Pathogenesis of multi-organ system failure in sepsis

This is an attempt to reason though the cascade of linked events which leads to the catastrophic multi-organ collapse in severe septic shock.

Organ system failure

The systemic inflammatory response (which forms a part of the definition of sepsis) results in organ system dysfunction.

The diagram below is merely a simplified way of looking at the pathogenesis of something this complex.
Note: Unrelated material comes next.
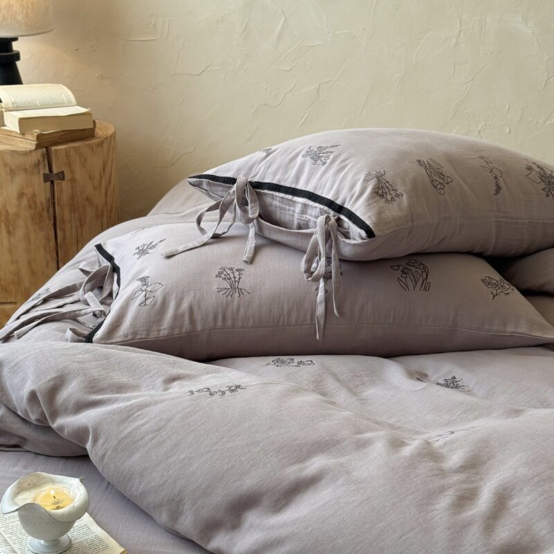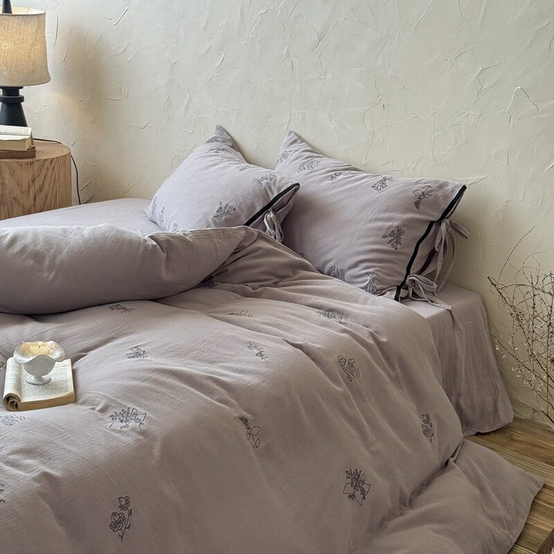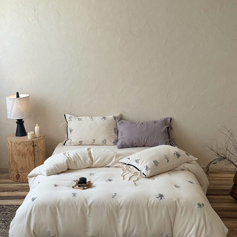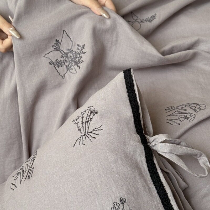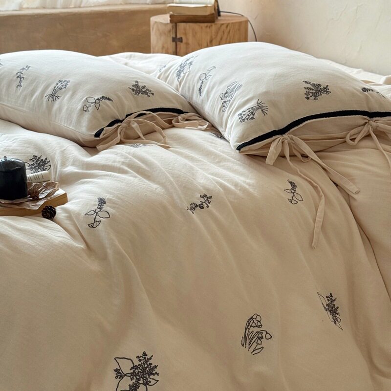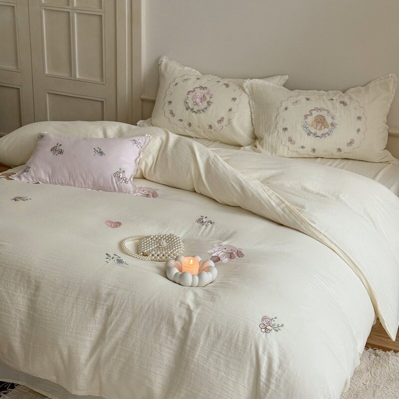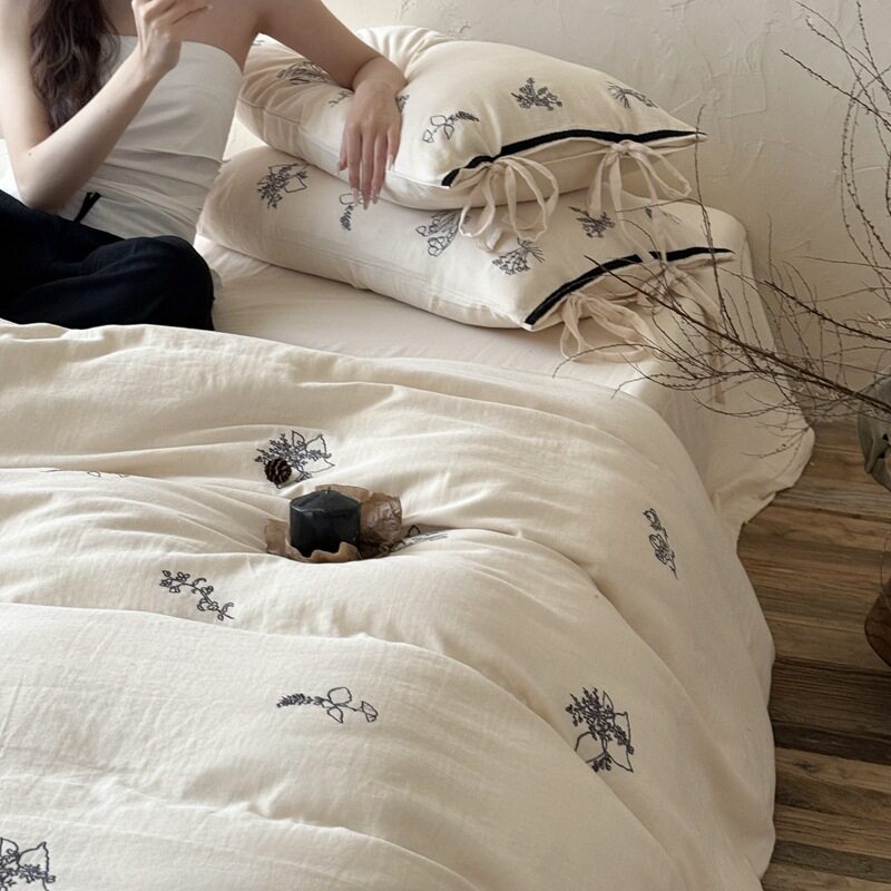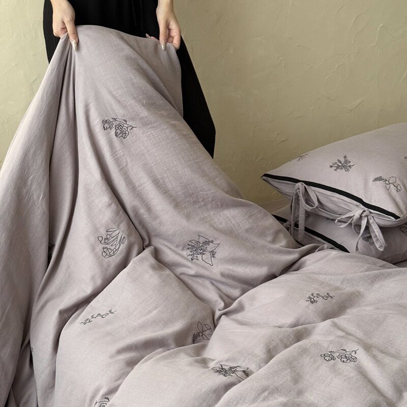 100-Count Pure Cotton Wrinkled Yarn Four-Piece Set with Precision Embroider, Super Soft Quilt Cover, Bed Bed Sheets and Fitted Bed Sheets Three-Piece Set

Imagine what it would look like if it elaborated on the specific cytokine pathways, metabolic derangements, etc.

septic shock cascade.

Lets try to reason through this.

Hypoxic respiratory failure

There is an increase in whole-body oxygen consumption, due to massive leucocyte activation as well as the increased metabolic rate of critical illness, as well as the increased metabolic rate associated with hyperthermia.
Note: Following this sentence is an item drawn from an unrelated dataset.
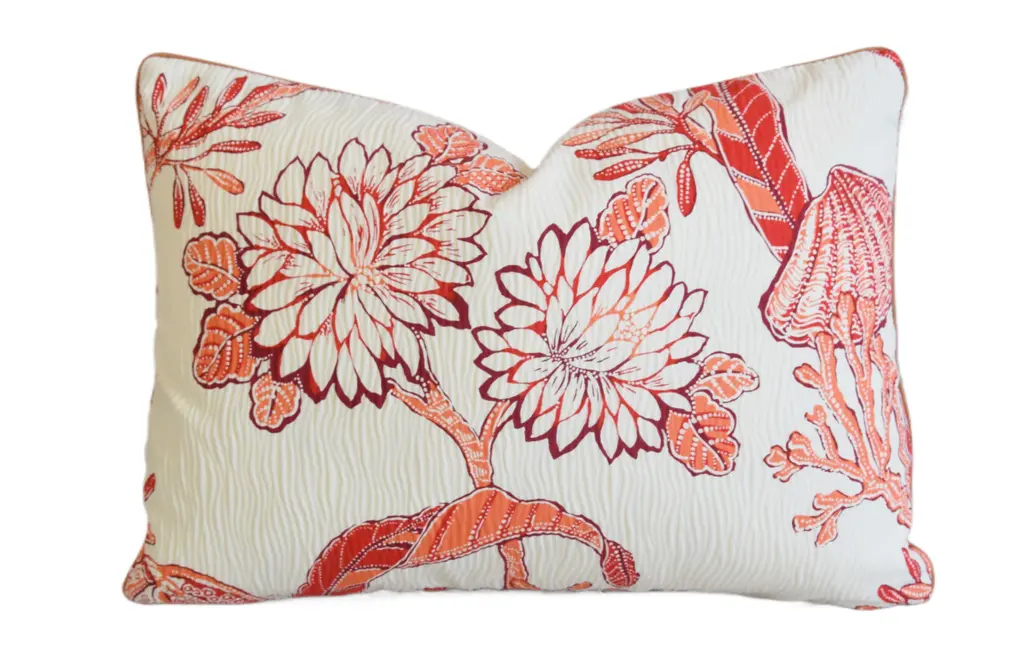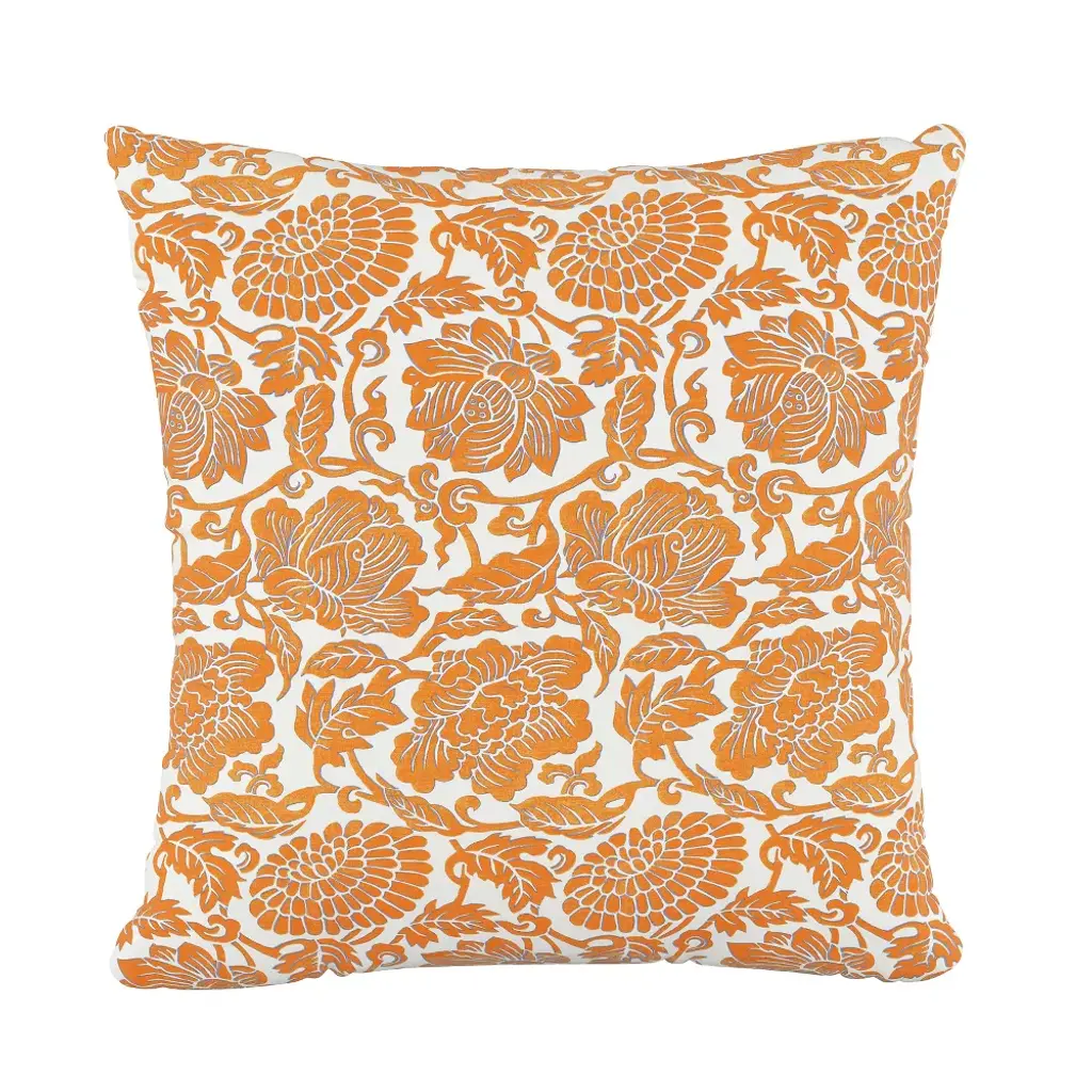 Floral Square Throw Pillow Orange - Skyline Furniture: Vintage Style, Linen & Cotton Blend, Zipper Closure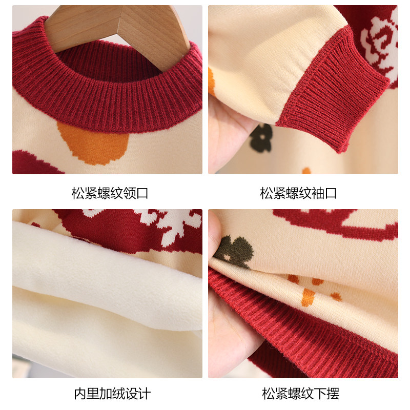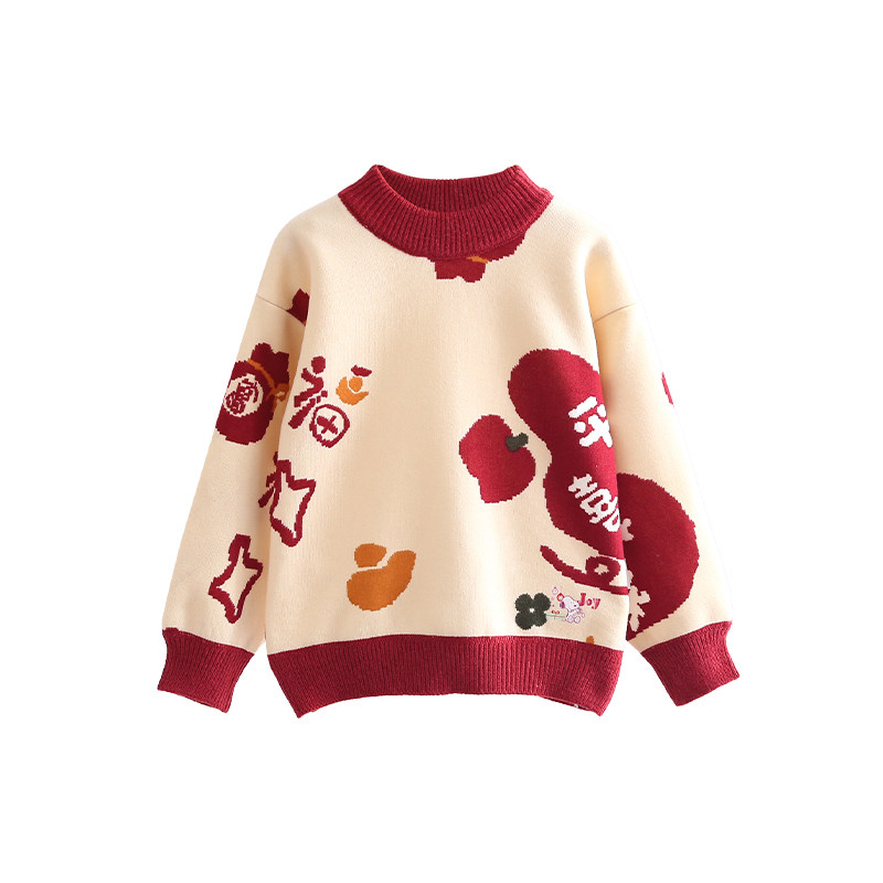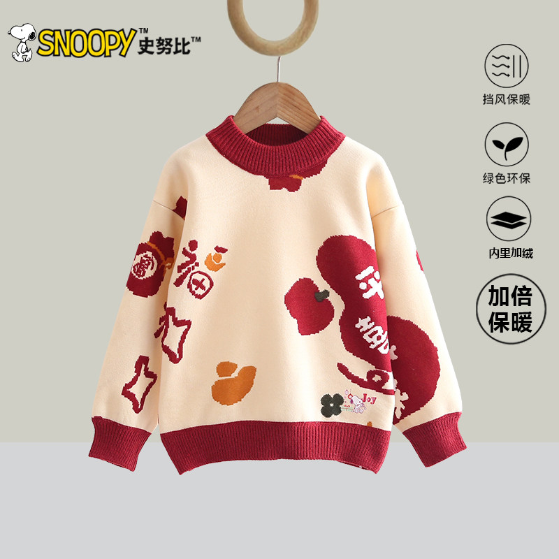 史努比女童红色毛衣加厚拜年服秋冬2025新款男童新年半高领针织衫

Not only that, but there may be a diffusion defect as the capillaries of the pulmonary circulation become leaky, and ARDS develops.

Hemodynamic collapse

The defining feature of septic shock, systemic vasodilation due to inflammatory mediators, results in decreased oxygen delivery to the whole body, exacerbating the dysfunction of the organs.

Septic cardiomyopathy

Thought to be due to impaired metabolite utilisation at a mitochondrial level, the cardiac dysfunction in sepsis results in biventricular failure.

Acute renal failure

As a result of decreased cardiac output, the renal function deteriorates, and oliguric renal failure becomes established. Not only that, but there is tubular dysfunction caused by the inflammatory cytokines, which is unrelated to the hypotension.

Hepatic dysfunction

Though the liver may not fail per se, there is typically a sepsis-associated rise in transaminases and bilirubin. Furthermore, the synthetic function is impaired, which contributes to the ensuing hypoalbuminaemia and coagulopathy.

Septic encephalopathy

Through mechanisms still poorly understood, severe sepsis results in a diffuse cerebral dysfunction which seems to worsen the prognosis. Cytokines, microvascular damage and impaired mitochondrial oxygen utilization have all been implicated.
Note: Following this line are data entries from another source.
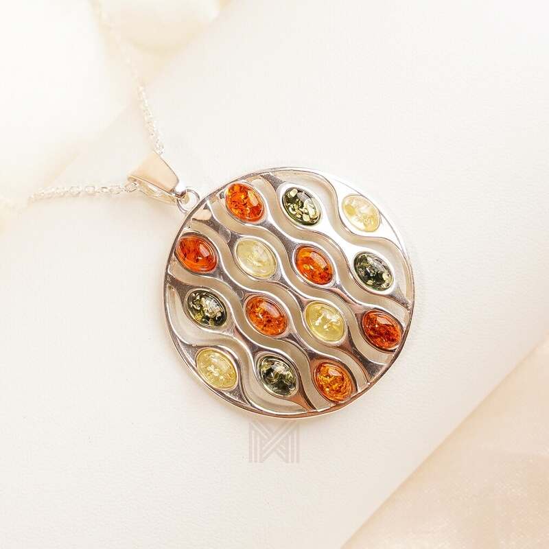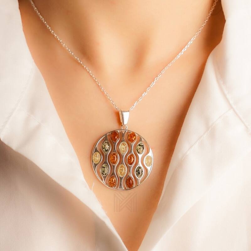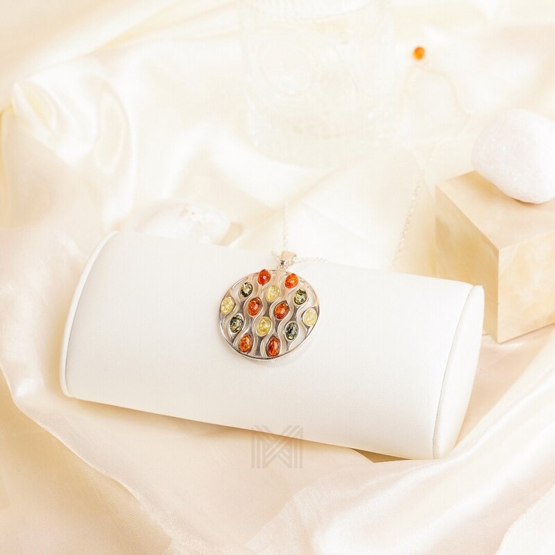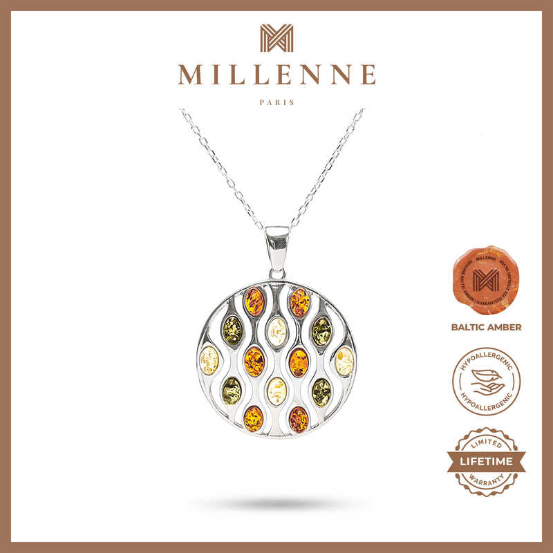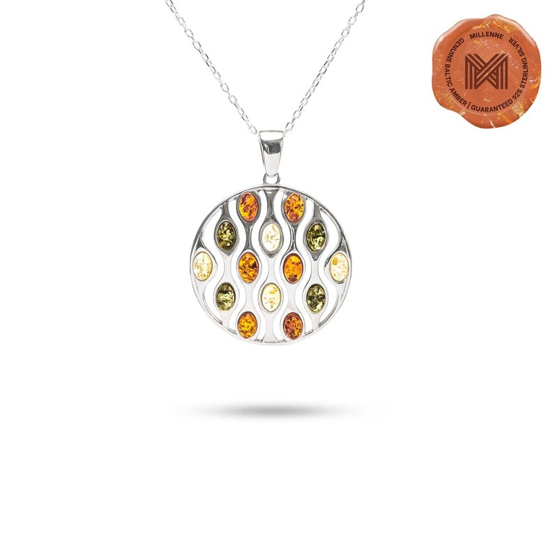 MILLENNE Multifaceted Baltic Amber Lotus Stem Silver Pendant with 925 Sterling Silver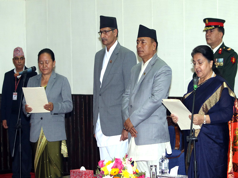 काठमाडौं । राष्ट्रपति विद्यादेवी भण्डारीले नवनियुक्त कानून, न्याय तथा संसदीय मामिलामन्त्री डा शिवमाया तुम्वाहाङ्फेलाई पद तथा गोपनीयताको शपथ गराउनुभएको छ । राष्ट्रपति भवन शीतल निवासमा अपराह्न आयोजित समारोहमा राष्ट्रपतिबाट नवनियुक्त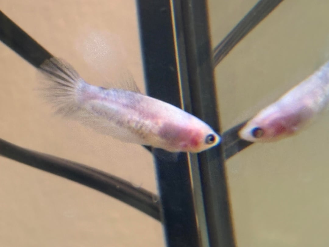 For example… one of my bettas, Spirit (got him when he was completely white like this), is now almost 2 years old and is fully dark blue with splashes of red 😂

Even in the absence of proper DIC, there is usually some degree of subclinical coagulopathy. There is simultaneously a depletion of coagulation factors and a decrease in their hepatic production.


An excellent resource for this topic are the chapters in Oh's Manual dealing with severe sepsis (ch 61, by A Raffaele de Gaudio) and with the immunocomrpomised host (ch 59, by Steve Wesselingh and Martyn A H French).

An older, yet similarly respectable source is Shoemaker (2005); Chapter 155 (Infections in the immunocompromised patient) by Andrew Githaiga, Magdaline Ndirangu and David L. Paterson covers this topic with great detail.